**What you will do:**
With the pictures left out, transcribe exactly the lines from the one with "Aus Buchstaben wurde" through the end of the data.

**The data:**
----------

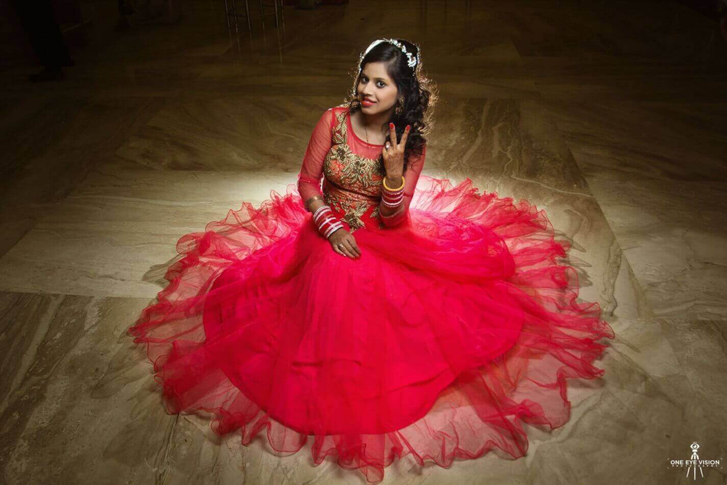 Невест в Индии одевают в красное свадебное сари из шелка или другой легкой материи, богато расшитой золотом, драгоценными камнями и жемчугом. Свадебное сари весит намного больше обычного, к нему есть также фата, которой покрывают голову и лицо невесты до тех пор, пока пужари – индуистский священник, проводящий бракосочетание, не позволит жениху поднять ее. Кроме того, невеста носит всевозможные ювелирные украшения, среди которых обязательно звенящие браслеты, помогающие ей идти в такт вслед за своим супругом. Он, со своей стороны, одет в костюм европейского покроя или в традиционную индийскую курту, с тюрбаном с пером на голове.
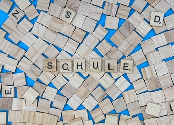 Aus Buchstaben wurde das Wort "Schule" gelegt. Es gelten die Nutzungsbedingungen der Mediothek und Pixiothek.
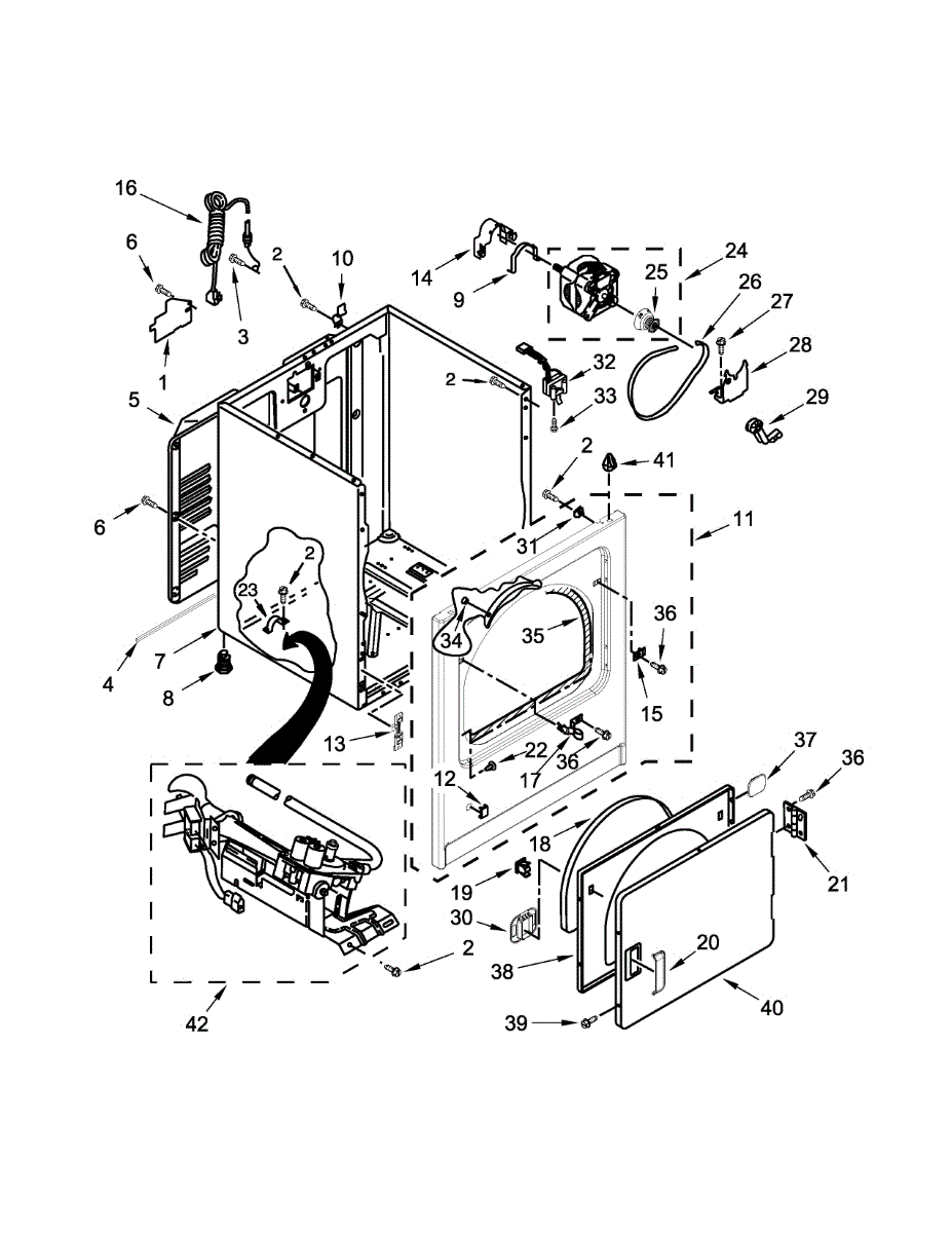 Causes of a bad door catch can include wear and tear of the plastic tang and spring from years of repeated opening and closing of the dryer door. Over time, this limits its ability to fully engage and latch securely.
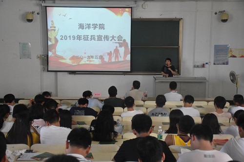辅导员沈立岚主持海洋公司2019年征兵宣传大会

----------

**Task solution:**
 Aus Buchstaben wurde das Wort "Schule" gelegt. Es gelten die Nutzungsbedingungen der Mediothek und Pixiothek.
 Causes of a bad door catch can include wear and tear of the plastic tang and spring from years of repeated opening and closing of the dryer door. Over time, this limits its ability to fully engage and latch securely.
辅导员沈立岚主持海洋公司2019年征兵宣传大会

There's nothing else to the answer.